13. An introducer assembly including:

a medical device carrier for holding an implantable medical device for deployment in a patient, the carrier including:

at least one rib extending radially outwardly from the perimeter of the carrier element and including a distal end and a holding shoulder at the distal end extending at an angle substantially perpendicular to the longitudinal axis of the carrier catheter; and

at least one trigger wire, wherein the trigger wire or wires pass through channels, bores or grooves in the rib or ribs.

14. An introducer assembly according to claim 13, including an enlarged diameter head facing the rib or ribs, the enlarged diameter head including one or more bores or recesses providing a tight fit of a trigger wire.

15. An introducer assembly according to claim 14, wherein the trigger wire or wires are substantially straight through an associated bore, channel or groove in the rib or ribs.

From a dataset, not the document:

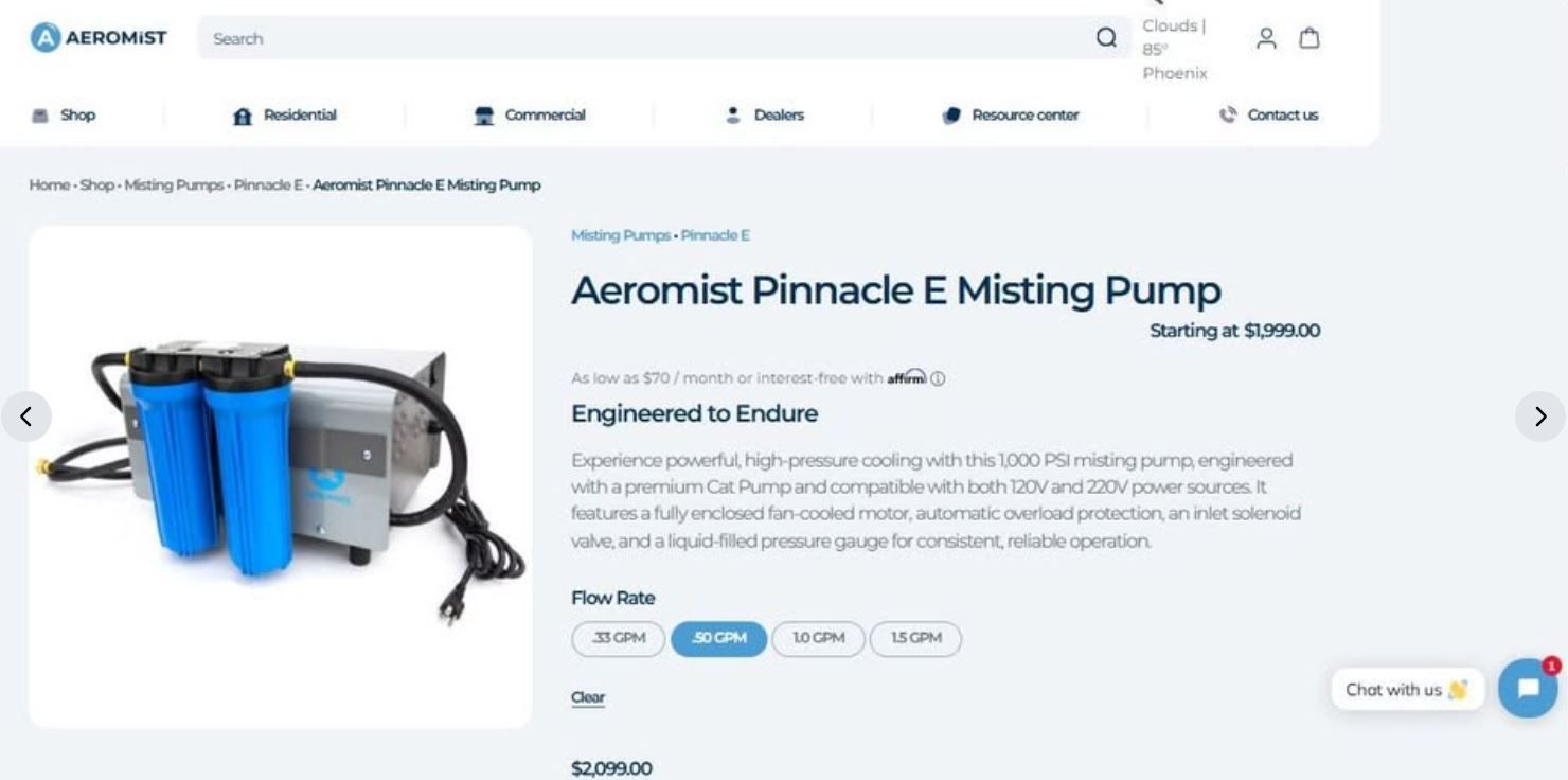 Aeromist Pinnacle E Misting Pump | Patio Misting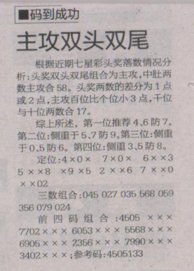 【码到成功】第1645期预测信息<特区报>

16. An introducer assembly according to claim 13, including a plurality of said ribs angularly spaced around the perimeter of the carrier element, said spacing providing recesses for receiving at least one portion of a medical device to be held on the carrier.

17. An introducer assembly according to claim 13, including a sheath arranged to overlie the medical device carrier and movable longitudinally relative thereto.

18. An introducer assembly according to claim 17, wherein the rib or ribs are a snug fit in the sheath.

19. An introducer assembly according to claim 13, wherein the or each holding shoulder provides for pulling a medical device during deployment, the introducer assembly being provided with no pusher element.